“Le nostre case ormai senza valore”. Rabbia dei residenti di Vico Addolorata


“Abitiamo nel centro di Cerignola, nella parte storica, ma oggi il valore delle nostre case è pari a zero. Una delle parti più suggestive di Cerignola è diventata un porcile”. Così i residenti di Vico I Addolorata, nel cuore antico della città, protestano per le condizioni della via, presa d’assalto da automobilisti indisciplinati, dalla carenza di marciapiedi, da un’integrazione mai completamente avvenuta con le decine di famiglie straniere che pare abbiano “colonizzato” tutto il quartiere.

Da oltre 15 anni hanno chiesto interventi alle varie amministrazioni comunali succedutesi nel tempo, ma sempre senza risposta. Anzi, nell’ultima istanza presentata in Comune hanno fatto sapere di essere disponibili anche a pagare di tasca propria gli interventi manutentivi, ma dall’ufficio tecnico – dicono- nessuna risposta positiva. Il primo problema è legato alla mancanza di marciapiedi: gli ingressi agli appartamenti sono al livello dell’asfalto su cui transitano i mezzi e molte volte – raccontano- “risulta difficile anche riuscire ad entrare in casa, quando le auto di gente che si reca nei bar e nelle sale posteggia in quella via”. Oltretutto “nelle ore di punta non è possibile tenere le imposte aperte: basti pensare che la biancheria pulita stesa fuori dai balconi si annerisce. Una delle strade più caratteristiche del centro storico della nostra città, in una zona tra l’altro servitissima, si è irrimediabilmente e progressivamente rovinata”, dicono i residenti.


Vico I Addolorata

Non solo inciviltà, incidenti d’auto quasi dentro casa, ma anche patrimoni lasciati a deperire: “Gli immobili, ormai difficilmente vivibili, sono diventati pressoché invendibili e locabili, se non a stranieri che vengono per qualche mese a decine. Alcune case sono state abbandonate e chiuse da anni, cosa che ha aumentato l’incuria ed il degrado dell’intera zona”, rimarcano gli abitanti di Vico I Addolorata.
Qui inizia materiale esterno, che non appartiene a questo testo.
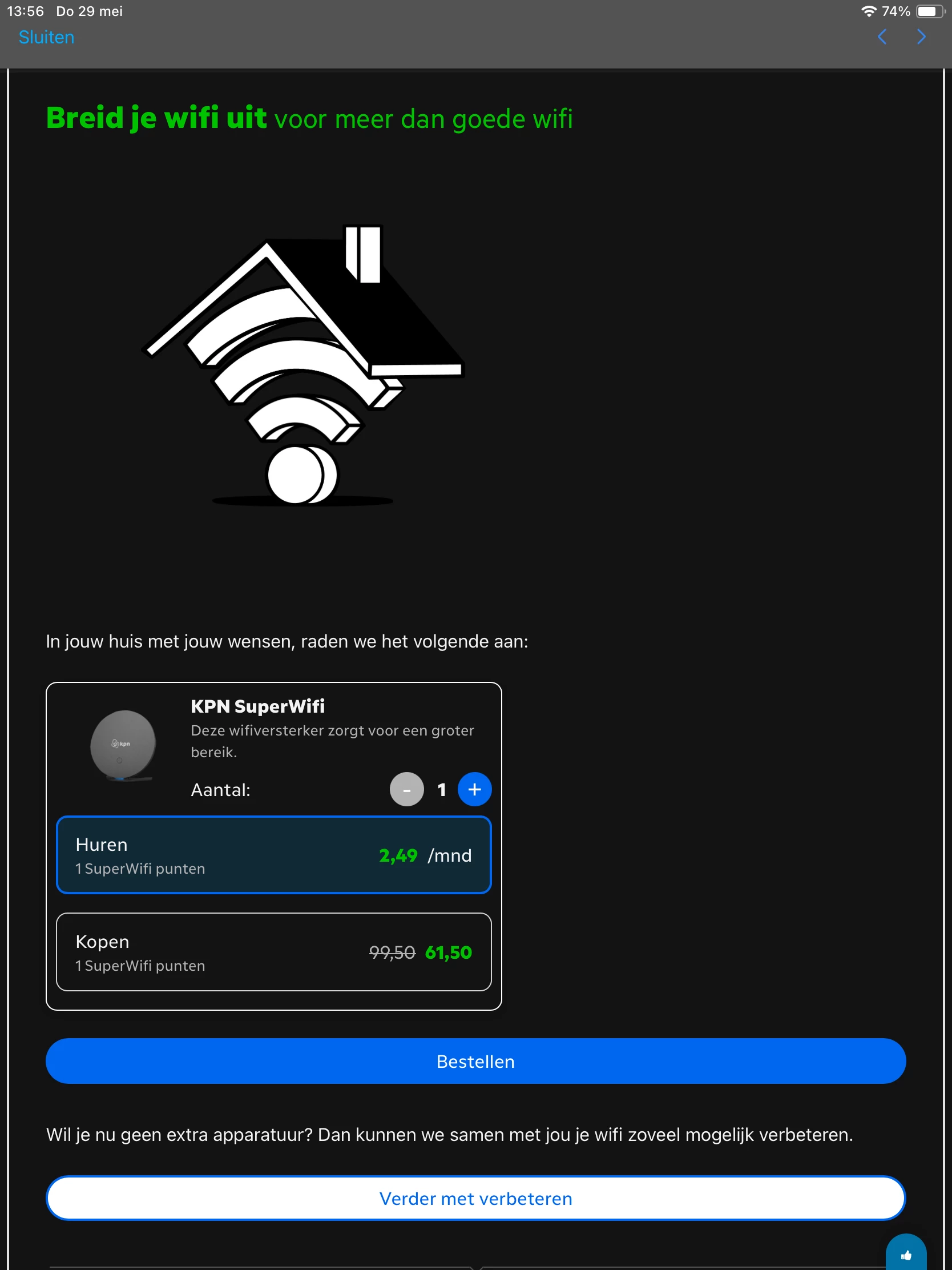 Er zijn feitelijk twee belangrijkere vragen, die eerst gesteld moet worden, waar is die wifi verbinding boven voor nodig? En wat mag het kosten? € 2,49 per maand per wifi punt of kopen € 199,00 voor 2 stuks. https://www.kpn.com/internet/wifi/superwifi

Eppure le soluzioni potrebbero essere a portata di mano e poco impattanti sui bilanci dell’ente comunale: “Si potrebbe vietare il transito di auto, visto che quella strada non è affatto strategica o utile per la viabilità cittadina, ma è soltanto fonte di degrado. Noi stessi provvederemmo a sostenere le spese per apporre paletti o piante e salvaguardare la zona”, dicono, inascoltati, i cittadini.
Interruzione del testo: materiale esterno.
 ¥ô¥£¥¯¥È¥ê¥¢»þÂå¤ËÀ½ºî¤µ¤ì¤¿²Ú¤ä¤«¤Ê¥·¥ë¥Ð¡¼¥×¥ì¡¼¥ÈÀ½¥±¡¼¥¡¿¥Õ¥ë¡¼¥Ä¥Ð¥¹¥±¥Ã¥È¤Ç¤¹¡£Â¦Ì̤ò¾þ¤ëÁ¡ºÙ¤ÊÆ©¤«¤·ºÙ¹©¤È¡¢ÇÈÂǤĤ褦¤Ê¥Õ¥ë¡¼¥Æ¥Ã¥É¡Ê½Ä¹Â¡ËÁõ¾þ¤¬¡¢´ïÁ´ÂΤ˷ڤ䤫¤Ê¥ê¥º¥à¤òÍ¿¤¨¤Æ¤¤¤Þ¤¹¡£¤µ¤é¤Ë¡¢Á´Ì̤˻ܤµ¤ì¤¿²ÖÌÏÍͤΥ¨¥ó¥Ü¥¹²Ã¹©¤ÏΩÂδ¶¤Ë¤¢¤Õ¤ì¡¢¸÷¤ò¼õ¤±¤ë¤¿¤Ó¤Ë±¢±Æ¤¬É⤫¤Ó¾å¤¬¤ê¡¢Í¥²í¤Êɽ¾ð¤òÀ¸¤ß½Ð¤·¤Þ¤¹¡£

L’intera zona affronta quotidianamente il problema dell’integrazione: sono decine e decine le famiglie straniere ormai insediatesi stabilmente in quel pezzo di città. Nella maggior parte dei casi sembrano non esserci problemi legati all’integrazione. In estate, però, complici gli incontrollati flussi migratori di lavoratori stagionali, in molti si riversano a decine in piccoli appartamenti di fortuna. Un fenomeno, questo, che richiederebbe ulteriori controlli a tutti i livelli.  

“C’è bisogno di valorizzare un quartiere molto caratteristico, invece lo si sta abbandonando”, dicono i residenti di Vico I Addolorata: oltre 15 cittadini hanno sottoscritto più sollecitazioni per spronare l’amministrazione comunale ad intervenire con misure efficaci e a costo zero.